Protalix BioTherapeutics Reports Positive Preliminary Data from the BRIDGE Study of pegunigalsidase alfa for the Treatment of...
September 21 2018 - 10:57AM
Preliminary Results Indicate Improvement in
Kidney Function in Patients Switched from agalsidase alfa
(Replagal®) to pegunigalsidase alfa (PRX-102)
Protalix BioTherapeutics, Inc. (NYSE American:PLX) (TASE:PLX),
a biopharmaceutical company focused on the development and
commercialization of recombinant therapeutic proteins expressed
through its proprietary plant cell-based expression system,
ProCellEx®, today announced positive preliminary data from the
BRIDGE study of pegunigalsidase alfa (PRX-102) for the treatment of
Fabry disease. Additional data will be released at the 1st
Canadian Symposium on Lysosomal Diseases 2018.

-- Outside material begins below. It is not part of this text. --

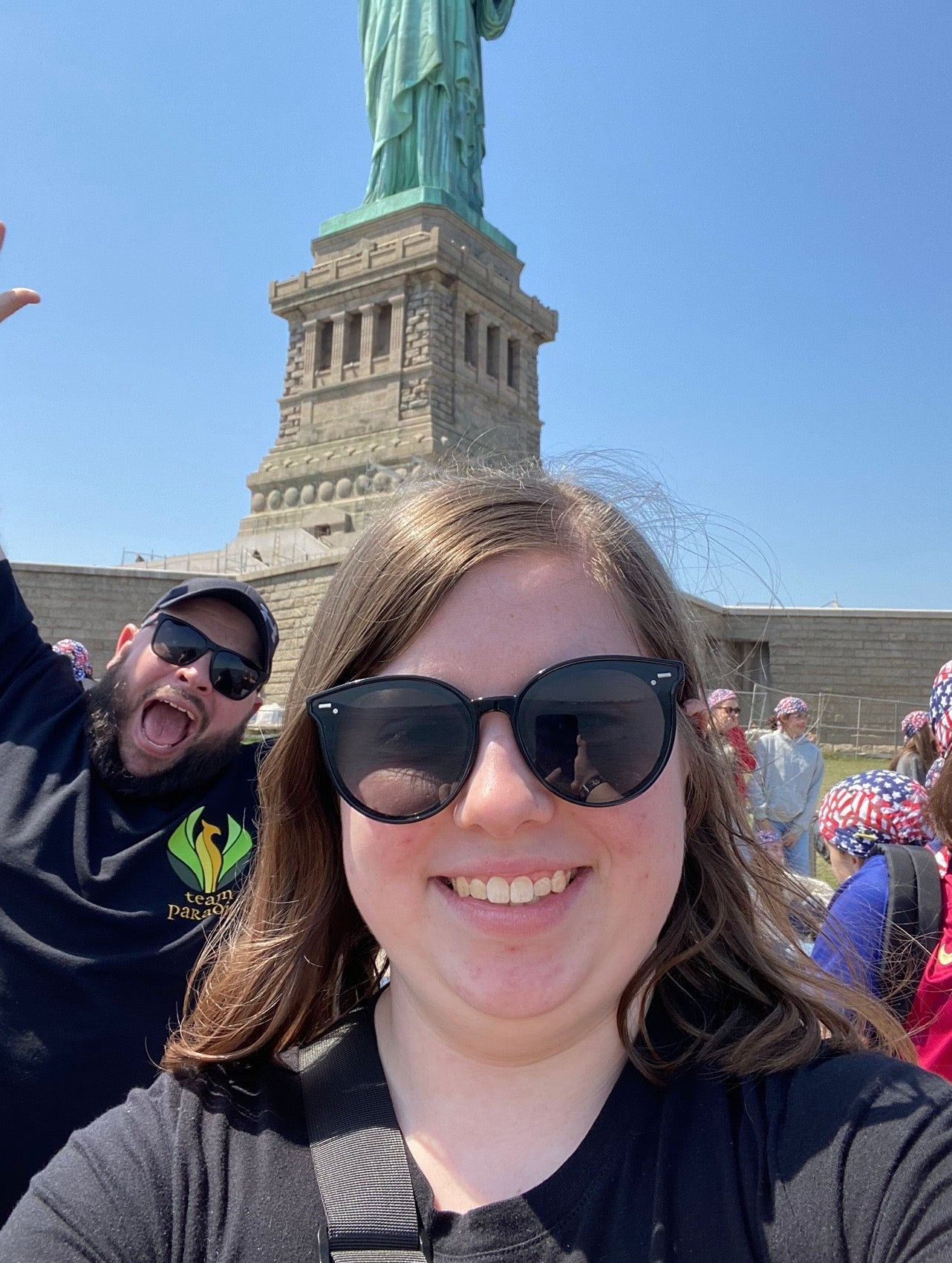 My son photo bombing my granddaughter while visiting the Statue of Liberty.
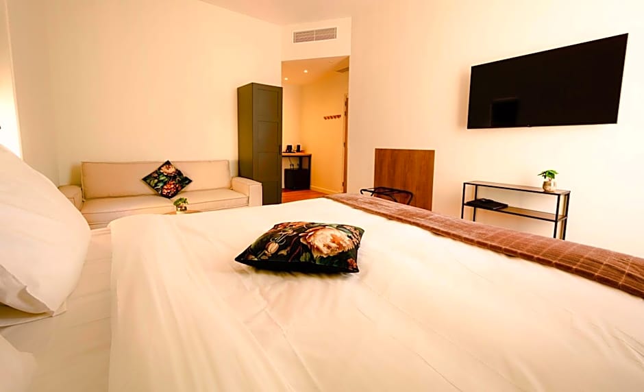 This suite is consisted of of 1 living room, 1 separate bedroom and 1 bathroom with a walk-in shower and free toiletries. The air-conditioned suite offers a flat-screen TV with streaming services, soundproof walls, a tea and coffee maker, a seating area as well as city views. The unit offers 2 beds.

The BRIDGE study is an open label switch over
study evaluating the safety and efficacy of PRX-102 in patients
with Fabry disease currently treated with agalsidase alfa for at
least 2 years and on a stable dose for at least 6 months.
Patients are screened and evaluated over 3 months while continuing
on agalsidase alfa. Following the screening period, each
patient was enrolled and switched from agalsidase alfa treatment to
receive intravenous (IV) infusions of PRX-102 1 mg/kg every two
weeks for 12 months. Patients can receive PRX-102 infusions at a
home care setup based on the infusion tolerability.
Preliminary data from the first sixteen patients enrolled in the
trial demonstrated an improvement in kidney function when switched
from agalsidase alfa (Replagal®) to pegunigalsidase alfa (PRX-102).
Based on available historical serum creatinine and study 3
month screening period values for approximately 2 years while
treated with agalsidase alfa before switching to pegunigalsidase
alfa treatment, the annualized estimated glomerular filtration rate
(eGFR) slope for patients on Replagal was (negative)
--6.8ml/min/1.73m2 . The mean eGFR slope for the same
patients following six months of treatment with pegunigalsidase
alfa (PRX-102) was changed to be (positive) of +3.7ml/min/1.73m2,
these results were statistically significant. Baseline
characteristic of these patients were: mean estimated glomerular
filtration rate (eGFR) 75.40 and 86.03 mL/min/1.73m2 for males and
females, with annualized eGFR slope of -8.0 and -5.1
mL/min/1.73m2/year, respectively.
The BRIDGE study is an open-label, single arm switch-over study
to assess the safety and efficacy of pegunigalsidase alfa, 1 mg/kg
infused every two weeks, in 22 Fabry patients currently treated
with Replagal. Protalix anticipates completing patient
enrollment in the BRIDGE trial in the fourth quarter of 2018.
PRX-102 is the Company’s plant cell-expressed recombinant,
PEGylated, cross-linked α-galactosidase-A for Fabry disease. In
pre-clinical and clinical studies, PRX-102 demonstrated higher
stability in plasma, a longer half-life and higher exposure in
Fabry disease patients, and a reduction in Gb3 in kidney biopsies
in treatment naïve Fabry patients.
About Protalix BioTherapeutics, Inc.
Protalix is a biopharmaceutical company focused on the
development and commercialization of recombinant therapeutic
proteins expressed through its proprietary plant cell-based
expression system, ProCellEx®. Protalix’s unique expression
system presents a proprietary method for developing recombinant
proteins in a cost-effective, industrial-scale manner.
Protalix’s first product manufactured by ProCellEx, taliglucerase
alfa, was approved for marketing by the U.S. Food and Drug
Administration (FDA) in May 2012 and, subsequently,
by the regulatory authorities of other countries. Protalix
has licensed to Pfizer Inc. the worldwide development and
commercialization rights for taliglucerase alfa,
excluding Brazil, where Protalix retains full rights.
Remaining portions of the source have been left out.